While the colored men did not look with favor upon a political alliance with the poor whites, it must be admitted that, with very few exceptions, that class of whites did not seek, and did not seem to desire such an alliance.



Lynch explained that poor whites resented the job competition from freedmen. Furthermore, the poor whites



with a few exceptions, were less efficient, less capable, and knew less about matters of state and governmental administration than many of the ex-slaves.… As a rule, therefore, the whites that came into the leadership of the Republican party between 1872 and 1875 were representatives of the most substantial families of the land.



Thus, the Democrats encouraged the poor whites to ally with them over race. They became bitterly opposed to black Republicans. Elite white Democrats subverted any coalition threat to their control by passage of statutes and new constitutions from 1890-1908 that effectively disfranchised most blacks and hundreds of thousands of poor whites.

By 1870, the Democratic–Conservative leadership across the South decided it had to end its opposition to Reconstruction as well as to black suffrage in order to survive and move on to new issues. The Grant administration had proven by its crackdown on the Ku Klux Klan that it would use as much federal power as necessary to suppress open anti-black violence. The Democrats in the North concurred. They wanted to fight the Republican Party on economic grounds rather than race. The New Departure offered the chance for a clean slate without having to refight the Civil War every election. Furthermore, many wealthy landowners thought they could control part of the newly enfranchised black electorate to their own advantage.

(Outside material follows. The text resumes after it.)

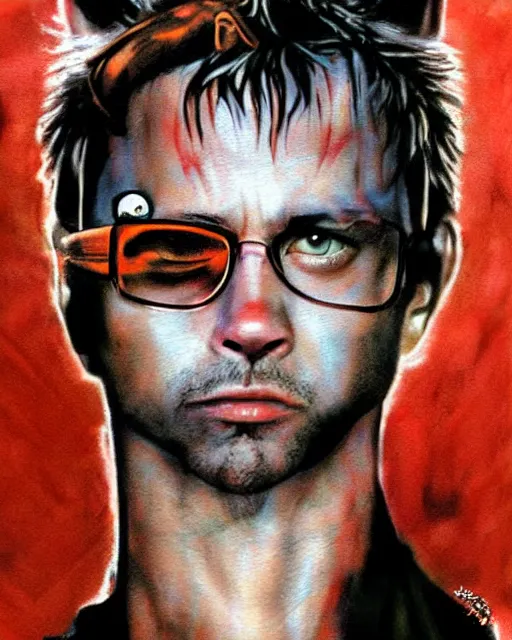 cat in fight club, cat tyler durden, airbrush, drew struzan illustration art, key art, movie poster
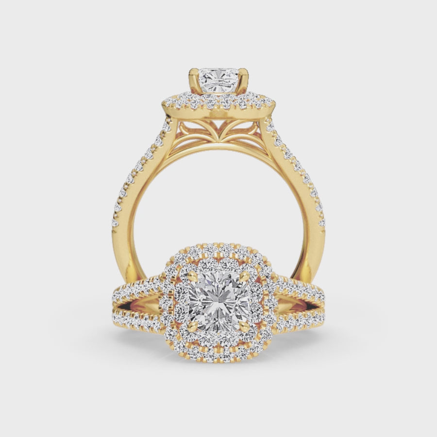 White Diamond Split Shank Double Halo Engagement Ring - Ananya

Not all Democrats agreed; an insurgent element continued to resist Reconstruction no matter what. Eventually, a group called "Redeemers" took control of the party in the states. They formed coalitions with conservative Republicans, including scalawags and carpetbaggers, emphasizing the need for economic modernization. Railroad building was seen as a panacea since northern capital was needed. The new tactics were a success in Virginia where William Mahone built a winning coalition. In Tennessee, the Redeemers formed a coalition with Republican governor DeWitt Senter. Across the South some Democrats switched from the race issue to taxes and corruption, charging that Republican governments were corrupt and inefficient. With continuing decrease in cotton prices, taxes squeezed cash-poor farmers who rarely saw $20 in currency a year but had to pay taxes in currency or lose their farm.

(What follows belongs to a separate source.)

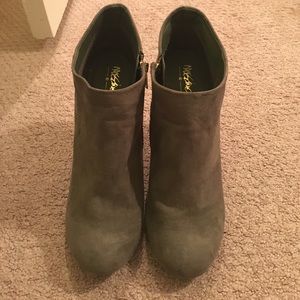 Only worn once!! Light olive with a grey undertone. About 2 1/2-3 inch heeled booties. Gold zipper detailing; suede material.

In North Carolina, Republican Governor William Woods Holden used state troops against the Klan, but the prisoners were released by federal judges. Holden became the first governor in American history to be impeached and removed from office. Republican political disputes in Georgia split the party and enabled the Redeemers to take over.

In the lower South, violence continued and new insurgent groups arose. The disputed election in Louisiana in 1872 found both Republican and Democratic candidates holding inaugural balls while returns were reviewed. Both certified their own slates for local parish offices in many places, causing local tensions to rise. Finally Federal support helped certify the Republican as governor, but the Democrat McEnery in March 1873 brought his own militia to bear in New Orleans, the seat of government.

Slates for local offices were certified by each candidate. In rural Grant Parish in the Red River Valley, freedmen fearing a Democratic attempt to take over the parish government reinforced defenses at the Colfax courthouse in late March. White militias gathered from the area a few miles outside the settlement. Rumors and fears abounded on both sides. William Ward, an African-American Union veteran and militia captain, mustered his company in Colfax and went to the courthouse. On Easter Sunday, April 13, 1873, the whites attacked the defenders at the courthouse. There was confusion about who shot one of the white leaders after an offer by the defenders to surrender. It was a catalyst to mayhem. In the end, three whites died and 120-150 blacks were killed, some 50 while held as prisoners. The disproportionate numbers of black to white fatalities and documentation of brutalized bodies are why contemporary historians call it the Colfax Massacre rather than the Colfax Riot, as it is known locally.

This marked the beginning of heightened insurgency and attacks on Republican officeholders and freedmen in Louisiana and other Deep South states. In Louisiana Judge T.S. Crawford and District Attorney P.H. Harris of the 12th Judicial District were shot off their horses and killed from ambush October 8, 1873 while going to court. One widow wrote to the Department of Justice that her husband was killed because he was a Union man and "...of the efforts made to screen those who committed a crime..." {US Senate Journal January 13, 1875, pp.106-107}.
In the North, a live-and-let-live attitude made elections more like a sporting contest. But in the Deep South, many white citizens had not reconciled themselves to the defeat of the war or the granting of citizenship to freedmen. As an Alabama scalawag explained, "Our contest here is for life, for the right to earn our bread...for a decent and respectful consideration as human beings and members of society."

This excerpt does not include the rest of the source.